In one instance, the official said, a female researcher at NIH Islamabad who is working on Candida auris, a highly drug-resistant and potentially deadly fungal infection spreading in hospital settings, has not shared concrete data with senior management. “Without reliable data, we cannot sensitise hospitals on infection prevention and control, nor can we issue public advisories. We know Candida auris is emerging in hospital environments, but we are unable to quantify the scale of the problem because the data is not being shared internally,” the official said.

Senior experts said Pakistan’s disease surveillance system suffers from deep structural flaws, including weak reporting obligations, lack of accountability, and an absence of data-sharing culture across institutions. They warned that the consequences go beyond domestic public health.

“Pakistan does not even consistently share its disease surveillance data with the World Health Organisation. Polio data is shared, but for many other diseases, reporting is patchy or delayed. This undermines international confidence and hampers global risk assessments,” a former health ministry adviser said.

Officials said similar concerns exist around HIV surveillance. The Common Management Unit, which is mandated to compile and coordinate HIV data nationally, does not routinely share detailed infection data with senior officials in the federal health ministry, while several provinces and service providers remain reluctant to release disaggregated HIV figures.

This, experts warn, weakens planning for prevention, testing, and treatment programmes at a time when HIV infections are rising in multiple parts of the country.

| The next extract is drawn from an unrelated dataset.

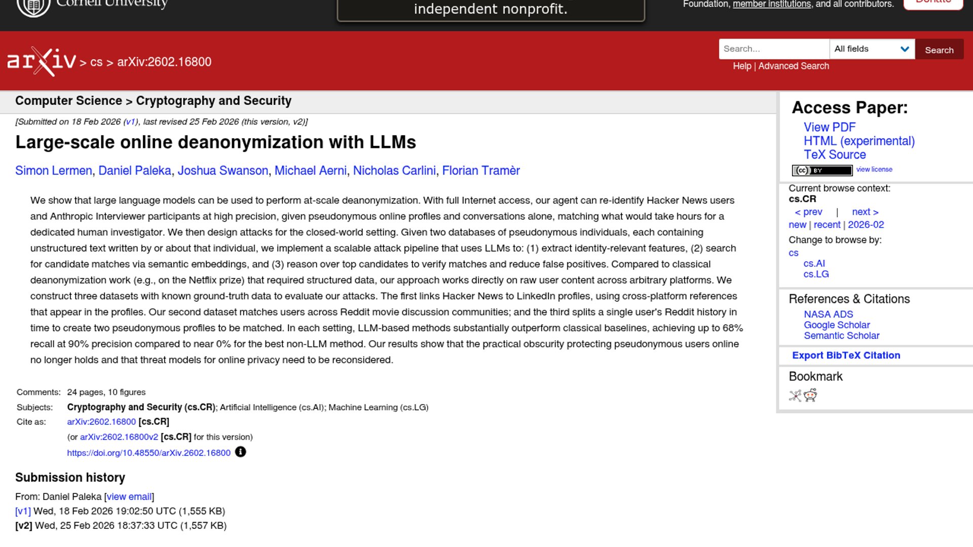 Researchers from ETH Zurich and Anthropic demonstrate that LLMs can link pseudonymous Reddit and Hacker News accounts to real identities with 90%+ precision. By reasoning over unstructured post history, the AI automates identity matching at a scale and cost impossible for humans.

The withholding of mpox data from Punjab has particularly alarmed federal officials because of the risk of silent community spread. “When provinces sit on data about local transmission, the window for early containment closes. We are left reacting late, when clusters have already expanded,” the NIH official said.

Public health specialists argue that Pakistan urgently needs a legally enforceable disease reporting framework that compels provinces, hospitals, laboratories, and research units to share standardised, real-time data with the NIH. Without this, they warn, the country will continue to stumble from one outbreak to another, unable to build a credible national picture of emerging and re-emerging infectious threats.

“This is not just about technical reporting. It is about political will, institutional discipline, and national responsibility,” a senior expert said. “Without transparent data-sharing, Pakistan cannot protect its own population, let alone meet its international health obligations.”